How to complete this task:
With pictures left out, please repeat word for word the lines from the one containing "Odniesli si množstvo zážitkov." through the end of the records.

Listed records:
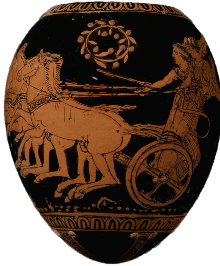
Figür 14: Truvalı Helen Olarak Tanımlanan Bir Kadının Kaçırılması Sahnesi, Pişmiş Toprak Vazo (Yumurta Biçimli Cenaze Vazosu), Atina MÖ 410.
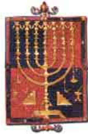
Kabala'da kullanılan Sefirot şemalarından biri.

ve Siyonizmi Mesih'in gelişinin insan eliyle hızlandırılması olarak tanımlamıştır. (Buna karşılık pek çok Yahudi ise bunu bir "sekülerleşme" olarak görmüşlerdir ve bunda haklıdır. Bu gün de Siyonizme karşı çıkan dindar Yahudiler, söz konusu "sekülerleşmeyi" reddedendir.)
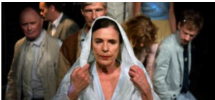
En scen ur pjäsen som hade nypremiär i går.
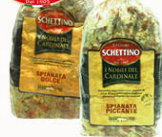
SCHETTINO SPIANATA DOLCE/ PICCANTE Meta' Sottovuoto Al Kg
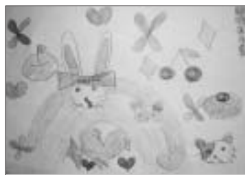
「いきものとクローバー」
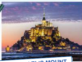
SAINT MICHAEL'S MOUNT

Viện Pháp tại Việt Nam luôn đồng hành cùng bạn!
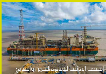
المنصة العائمة للإنتاج والتخزين والتفريغ

احتفلت فرق العمل في ساحة بناء السفن COSCO في تشيدونغ، باستكمال 10 ملايين ساعة عمل دون حوادث في بناء FPSO.
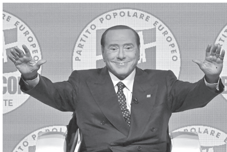
Líder. Silvio Berlusconi se convirtió en un símbolo de la política, el deporte y los medios. - Télam -

La Iglesia de Milán anunció ayer que Berlusconi tendrá "funeral de Estado" en el Duomo de la ciudad norteña, mientras que el Gobierno dispuso luto nacional desde ayer, con las banderas italiana y europea a media asta en edificios públicos. - Télam -
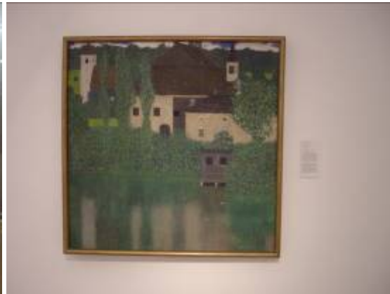
Un tableau de Mucha
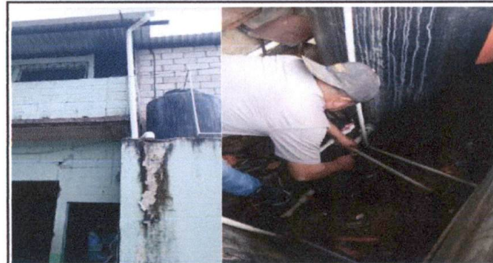
Foto 4: Bajada de agua pluvial, sustitución de accesorios para tanques y cambio de flotes
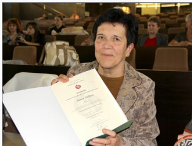
▲ předávání osvědčení

Součástí celoživotního vzdělávání je také Univerzita třetího věku (U3V), která má na Slezské univerzitě v Opavě, Obchodně podnikatelské fakultě v Karviné své stálé místo již 25 let. Základním posláním U3V je poskytnout zájemcům možnost seznamovat se na vysokoškolské úrovni s nejnovějšími poznatky z oblasti vědy, kultury, historie, politiky, apod. U3V také plní výraznou sociální funkci a motivuje seniory k další aktivitě.
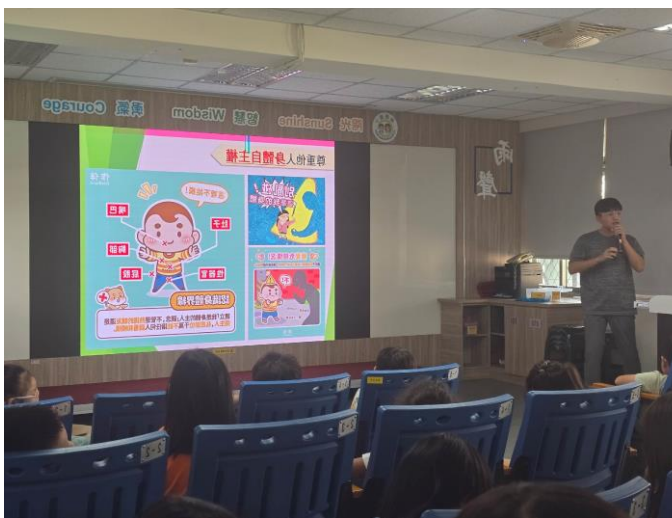
期初安全常規宣導
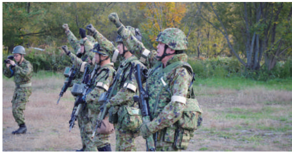
最先任の先導で関の声を上げ士気を鼓舞
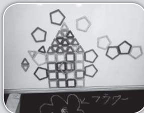
専用のカラーペンやマグネットで遊べるコーナーです。
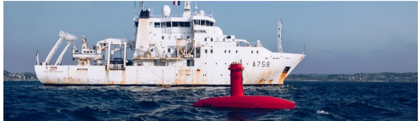
Essais de l'USV DRiX déployé à partir du BHO Beautemps-Beaupré DRiX trials from SV Beautemps-Beaupré
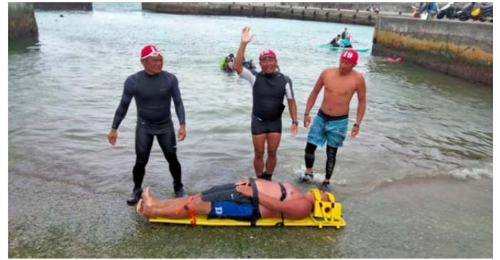
體育署救生員班-長背板救援
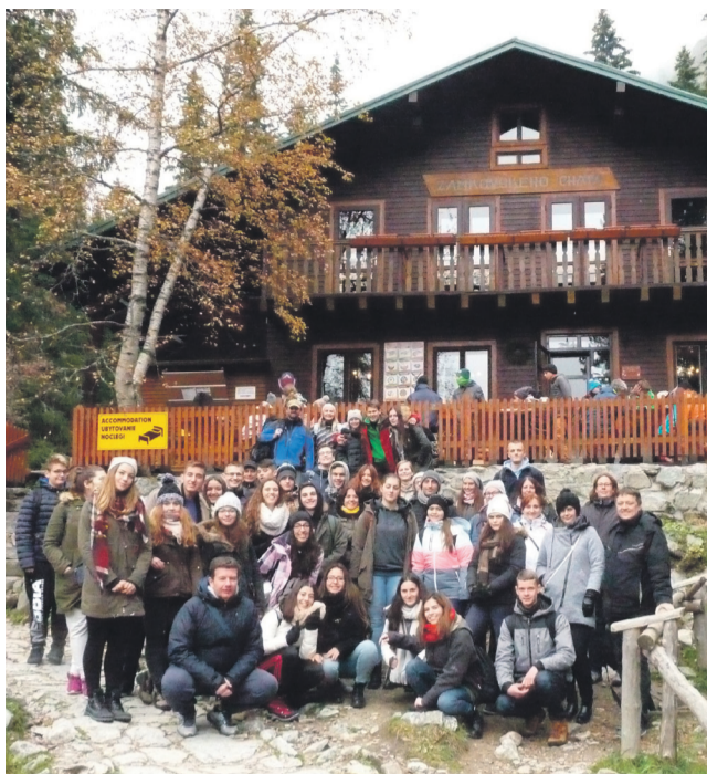
Vo Vysokých Tatrách

Odniesli si množstvo zážitkov.
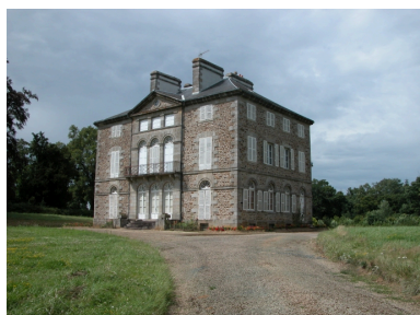
Château, façade sud IVR53_20092210859NUCA

Task solution:
Odniesli si množstvo zážitkov.
Château, façade sud IVR53_20092210859NUCA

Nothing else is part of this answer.